Arpino Bruno, Cannas Massimo
Department of Political and Social Sciences, Universitat Pompeu Fabra, Barcelona, Spain.
Department of Economic and Business Science, University of Cagliari, Via Sant'Ignazio 17, Cagliari, 09124, Italy.
Stat Med. 2016 May 30;35(12):2074-91. doi: 10.1002/sim.6880. Epub 2016 Feb 1.
This article focuses on the implementation of propensity score matching for clustered data. Different approaches to reduce bias due to cluster-level confounders are considered and compared using Monte Carlo simulations.

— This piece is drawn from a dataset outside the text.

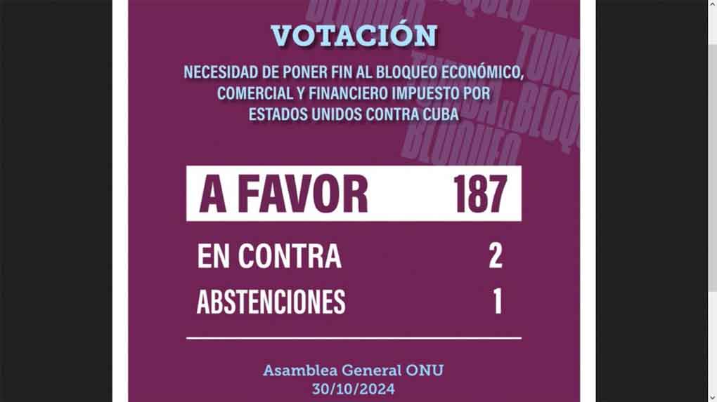 A su política de bloqueo contra el pueblo noble y solidario de Cuba, apuntó Díaz-Canel, el gobierno estadounidense añade una infamia adicional: «otra vez se hace acompañar en el voto negativo por Israel, el genocida de Gaza. Vergonzoso y doble prontuario criminal». A través de la red social, el primer ministro Manuel celebró la contundente victoria de la nación caribeña en la Asamblea General de las Naciones Unidas.

We investigated methods that exploit the clustered structure of the data in two ways: in the estimation of the propensity score model (through the inclusion of fixed or random effects) or in the implementation of the matching algorithm. In addition to a pure within-cluster matching, we also assessed the performance of a new approach, 'preferential' within-cluster matching. This approach first searches for control units to be matched to treated units within the same cluster. If matching is not possible within-cluster, then the algorithm searches in other clusters. All considered approaches successfully reduced the bias due to the omission of a cluster-level confounder. The preferential within-cluster matching approach, combining the advantages of within-cluster and between-cluster matching, showed a relatively good performance both in the presence of big and small clusters, and it was often the best method. An important advantage of this approach is that it reduces the number of unmatched units as compared with a pure within-cluster matching. We applied these methods to the estimation of the effect of caesarean section on the Apgar score using birth register data. Copyright © 2016 John Wiley & Sons, Ltd.
本文重点关注聚类数据倾向得分匹配的实施。使用蒙特卡罗模拟来考虑和比较不同的方法,以减少由于聚类层面混杂因素导致的偏差。我们研究了以两种方式利用数据聚类结构的方法:在倾向得分模型的估计中(通过纳入固定或随机效应)或在匹配算法的实施中。除了纯粹的聚类内匹配外,我们还评估了一种新方法——“优先”聚类内匹配的性能。这种方法首先在同一聚类内寻找要与处理单元匹配的对照单元。如果在聚类内无法匹配,那么算法就在其他聚类中搜索。所有考虑的方法都成功地减少了由于遗漏聚类层面混杂因素而导致的偏差。“优先”聚类内匹配方法结合了聚类内匹配和聚类间匹配的优点,在存在大聚类和小聚类的情况下都表现出相对较好的性能,并且它常常是最佳方法。与纯粹的聚类内匹配相比,这种方法的一个重要优点是它减少了未匹配单元的数量。我们将这些方法应用于使用出生登记数据估计剖宫产对阿氏评分的影响。版权所有© 2016约翰·威利父子有限公司。